PEG-MGF: Evidence, Mechanism, Dosing & Legal Status
A clinical monograph on PEG-MGF — the pegylated Mechano Growth Factor E-peptide marketed for muscle repair and recovery. Preclinical-only evidence, no human trials, and a restricted 2026 legal status.
PEG-MGF is a clever pharmacokinetic fix — pegylation rescues the otherwise unusable minutes-long half-life of the Mechano Growth Factor E-peptide so it can in principle be given systemically — wrapped around a biology that is still unproven in humans and partly contradicted in the primary literature. Its highest evidence grade is C (preclinical only), with marketed physique claims at Grade D. It is not FDA-approved, not authorized for compounding in 2026, and prohibited in sport at all times under WADA.413
PEG-MGF ("Mechano Growth Factor, Pegylated") is a synthetic, polyethylene-glycol-conjugated version of the unique 24-amino-acid C-terminal E-peptide of Mechano Growth Factor, the IGF-1Ec splice variant of insulin-like growth factor-1.1 It is marketed in fitness circles as a systemic muscle-repair and recovery agent. Its popularity rests almost entirely on a satellite-cell story drawn from cell-culture and rodent work; its proof in humans does not exist. This monograph separates the two.
This article is informational and editorial content for research and educational purposes only. It is not medical advice, not a protocol to follow, and not a sourcing guide. PEG-MGF is not an FDA-approved drug; it is sold as a "research chemical not for human use" and is prohibited in sport. Dosing figures are reported strictly as seen in the unregulated literature for completeness — not as recommendations. Growth factors carry a real theoretical oncologic risk. Consult a licensed clinician before any health decision.

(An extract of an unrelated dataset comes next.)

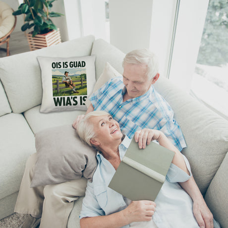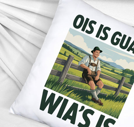 Ab €16,95Grundpreis /Nicht verfügbarAuf LagerAuf da Oim, do gibt's koa Sünd Kissen Berglandschaft mit Kühen
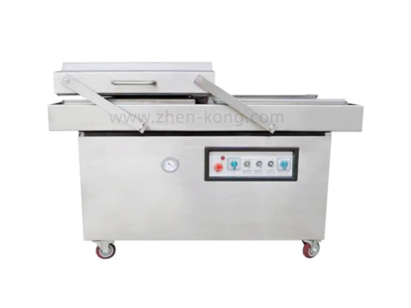 双室真空包装机工作效率高。机器采用一机两室,一侧真空室工作时,另一侧可以放置包装物料,机器连续工作省时省力。一个真空室可以放入多包真空袋,从而提高工作效率。工作过程均为全自动控制,操作简单,方便快捷。真空包装后物料防潮,防氧化,易于存储和运输。

What is PEG-MGF and how does it work?
The IGF-1 gene generates several mRNA isoforms by alternative splicing; their mature IGF-1 domain is identical but their C-terminal "E-peptide" extensions differ.1 MGF is the IGF-1Ec isoform in humans (IGF-1Eb in rodents), discovered in Geoffrey Goldspink's laboratory at University College London as a mechanically and injury-induced, locally expressed muscle isoform distinct from liver-derived systemic IGF-1Ea.4 The pharmacologically interesting fragment is the unique 24-amino-acid C-terminal E-domain peptide, reported as the sequence YQPPSTNKNTKSQRRKGSTFEEHK, cleaved from the mature IGF-1 protein.2 "MGF" as a therapeutic peptide refers to this synthetic E-domain fragment, not the full IGF-1 protein; PEG-MGF is that fragment with PEG chains covalently attached.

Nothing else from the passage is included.